À carta endereçada aos vereadores, Dino Altoé anexou dois atestados médicos que ratificam o que narrou estar passando, com “estado de humor deprimido marcado por falta de concentração, falta de energia, insônia e presença de intensa irritabilidade, não apresentando condições para o trabalho”. Pessoalmente, ele disse que “ainda neste período, os médicos que me acompanham orientaram o meu afastamento do cargo para cuidar da minha saúde física e mental, contudo, no afã de querer sempre o melhor para a minha querida Jacundá, que acolheu a mim e a minha família de forma tão calorosa desde que aqui chegamos, não obedeci as recomendações”.


Dino fez questão de dizer que nesses sete anos e cinco meses em que ocupou o cargo de prefeito, com apoio da população de Jacundá, dedicou-se com entusiasmo e coragem às causas do Município.
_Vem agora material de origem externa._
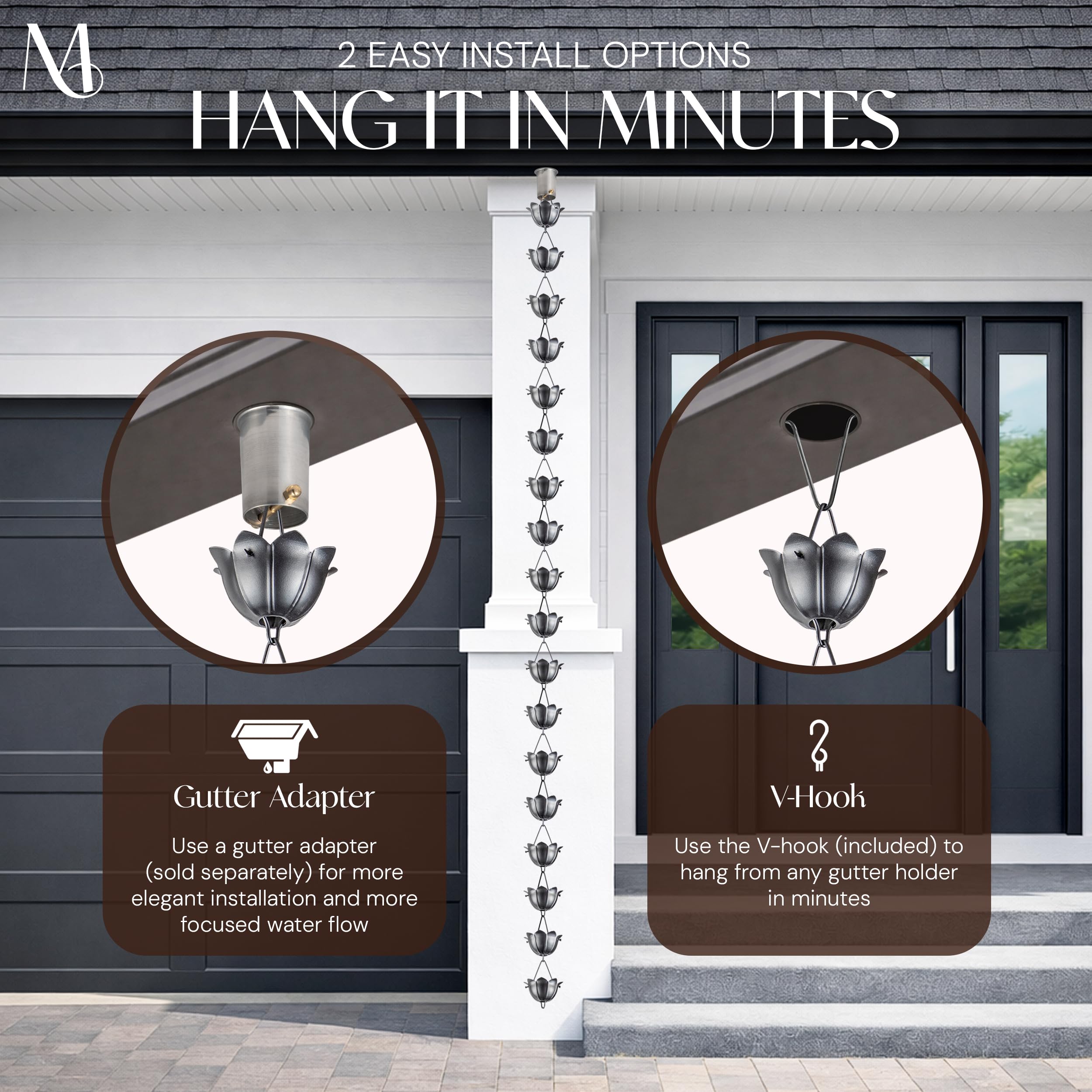 Die Installation ist schnell und einfach. Legen Sie einfach den mitgelieferten 12,7 cm dreieckigen Aufhänger in Ihre Dachrinnenöffnung und hängen Sie die Kette auf – kein Werkzeug erforderlich. Diese hängende Regenkette ist vollständig erweiterbar, sodass Sie zusätzliche Abschnitte verbinden oder Glieder entfernen können, um die perfekte Länge zu erreichen. Durch sein grösseres Gliederprofil eignet er sich für grosse Regenketten für Dachrinnen und grössere Dachlinien.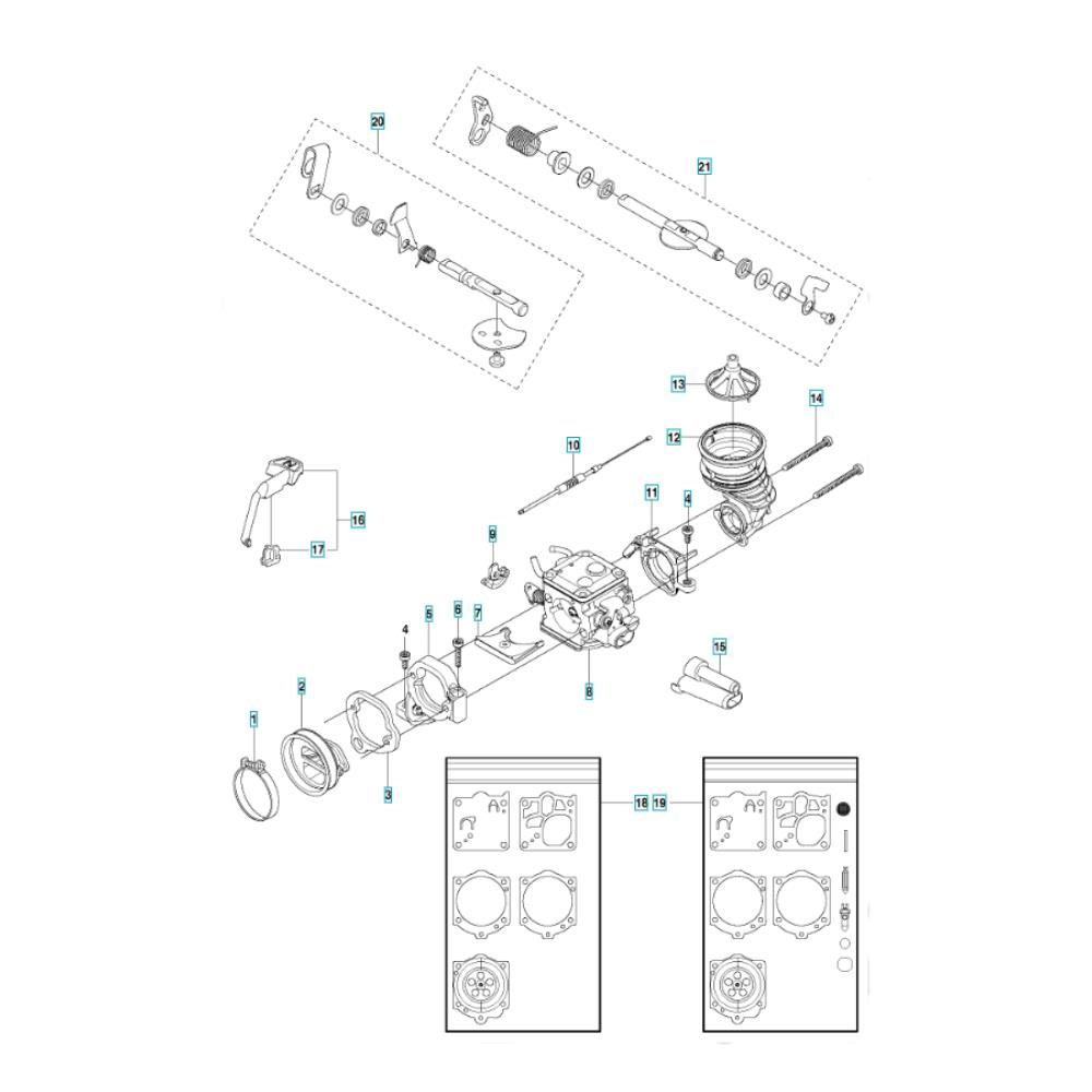 The Carburettor Assembly for the Husqvarna K970 Chain Concrete Cutter ensures optimal fuel delivery and engine performance. This assembly includes components such as gaskets, diaphragms, and springs, crucial for maintaining efficient operation. Designed for durability, it supports the cutter's demanding tasks by providing consistent power and reliability.

Em entrevista exclusiva ao CORREIO, concedida em sua residência no início da tarde desta sexta-feira, o gestor falou mais sobre o ato de abdicar ao governo municipal. “Foi uma decisão difícil para mim, mas tive apoio de minha esposa e filhos, dos meus pais e irmãos. Além disso, tenho um grupo de apoio político e de amigos, um grupo de vereadores com os quais me dou bem, mas tenho de olhar para minha saúde. Durante o meu primeiro mandato o meu nível de estresse trouxe consequências graves. Cheguei a iniciar um tratamento, mas não obedeci. Esse quadro se agravou mais ainda”, destacou. Disse, ainda, que esses problemas foram se agravando a tal ponto de prejudicar algumas decisões pessoais e administrativas.

Sobre o seu relacionamento com o vice-prefeito Itonir Tavares, Dino disse que é uma pessoa de sua extrema confiança. “Se ele não fosse um parceiro e amigo, eu não renunciaria. Ele é capaz de dar prosseguimento ao governo. É um irmão. Não tenho dúvidas de que deixando o cargo com ele, a nossa sociedade vai ganhar, pois temos uma equipe de secretários eficientes, um grupo de colaboradores prontos para ajudar”.

Em relação a comentários sobre uma possível pressão externa para deixar a Prefeitura, Dino foi enfático: “não fui pressionado por ninguém, pelo contrário, o presidente do meu partido ficou comovido com minha decisão. Cheguei a pegar um atestado médico para me licenciar da Prefeitura, e durante essa crise financeira desse ano onde os recursos e repasses caíram drasticamente, a burocracia para liberar parcelas das obras que estamos realizando, atraso de repasses, dezenas de viagens a Brasília e Belém, terminei pagando um preço alto. Cansei-me. Estou extremamente estressado e não quero cair no estado depressivo novamente”.

Antes de finalizar a entrevistar, Dino afirmou que pretende se dedicar a recuperação de sua saúde, voltar a dedicar-se à religião, esporte e lazer e à sua família.